Python is known for it’s “batteries included” philosophy and has a rich standard library. However, being a popular language, the number of third party packages is much larger than the number of standard library packages. So it eventually becomes necessary to discover how packages are used, found and created in Python.
It can be tedious to manually install extra packages that one needs or requires. Therefore, Python has a packaging system that allows people to distribute their programs and libraries in a standard format that makes it easy to install and use them. In addition to distributing a package, Python also provides a central service for contributing packages. This service is known as The Python Package Index (PyPI). Information about The Python Package Index (PyPI) will be provided throughout this documentation. This allows a developer to distribute a package to the greater community with little effort.
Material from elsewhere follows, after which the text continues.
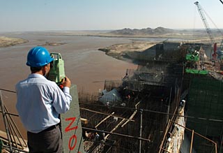 | 2007年10月22日,一名中國(guó)工人在蘇丹首都喀土穆以北的麥羅維大壩施工現(xiàn)場(chǎng)進(jìn)行測(cè)量。麥羅維大壩由中國(guó)水利電力對(duì)外公司和中國(guó)水利水電建設(shè)集團(tuán)公司承建,是迄今為止中國(guó)企業(yè)承包的最大國(guó)際工程,也是蘇丹乃至非洲目前在建的最大水電項(xiàng)目。新華社記者
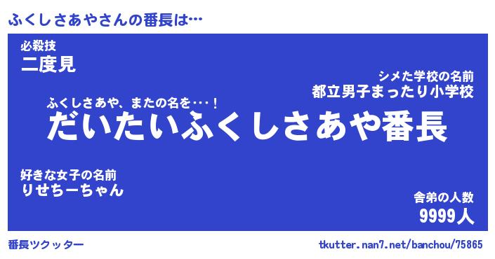 | ポケモン風あだ名 | 『フクチュウ』『フクシダネ』 |

This documentation aims to explain how to install packages and create packages for the end-user, while still providing references to advanced topics.
The Packaging Ecosystem¶
A Package¶
A package is simply a directory with an __init__.py
file inside it. For example:
$ mkdir mypackage
$ cd mypackage
$ touch __init__.py
$ echo "# A Package" > __init__.py
$ cd ..
This creates a package that can be imported using the import
. Example:
>>> import mypackage
>>> mypackage.__file__
'mypackage/__init__.py'
Discovering a Python Package¶
Using packages in the current working directory only works for
small projects in most cases. Using the working directory as a package location
usually becomes a problem when distributing packages for larger systems.
Therefore, distutils
was created to install packages into the
PYTHONPATH
with little difficulty. The PYTHONPATH
, also
sys.path
in code, is a list of locations to look for Python packages.
Example:
>>> import sys
>>> sys.path
['',
'/usr/local/lib/python2.6',
'/usr/local/lib/python2.6/site-packages',
...]
>>> import mypackage
>>> mypackage.__file__
'mypackage/__init__.py'
The first value, the null or empty string, in sys.path
is the current
working directory, which is what allows the packages in the current working
directory to be found.
Note
Your PYTHONPATH
values will likely be different from those
displayed.
Explicitly Including a Package Location¶
The convention way of manually installing packages is to put them in the
.../site-packages/
directory. But one may want to install Python
modules into some arbitrary directory. For example, your site may have a
convention of keeping all software related to the web server application under
/www
. Add-on Python modules might then belong in
/www/pythonx.y/
, and in order to import them, this directory must be
added to sys.path
. There are several different ways to add the directory.
Note
TODO Better define where the .../site-packages/
directory is
located.
The most convenient way is to add a path configuration file to a directory
that’s already in Python’s path, which could be the .../site-packages/
directory. Path configuration files have an extension of .pth
, and each
line must contain a single path that will be appended to sys.path
. (Because
the new paths are appended to sys.path
, modules in the added directories
will not override standard modules. This means you can’t use this mechanism for
installing fixed versions of standard modules.)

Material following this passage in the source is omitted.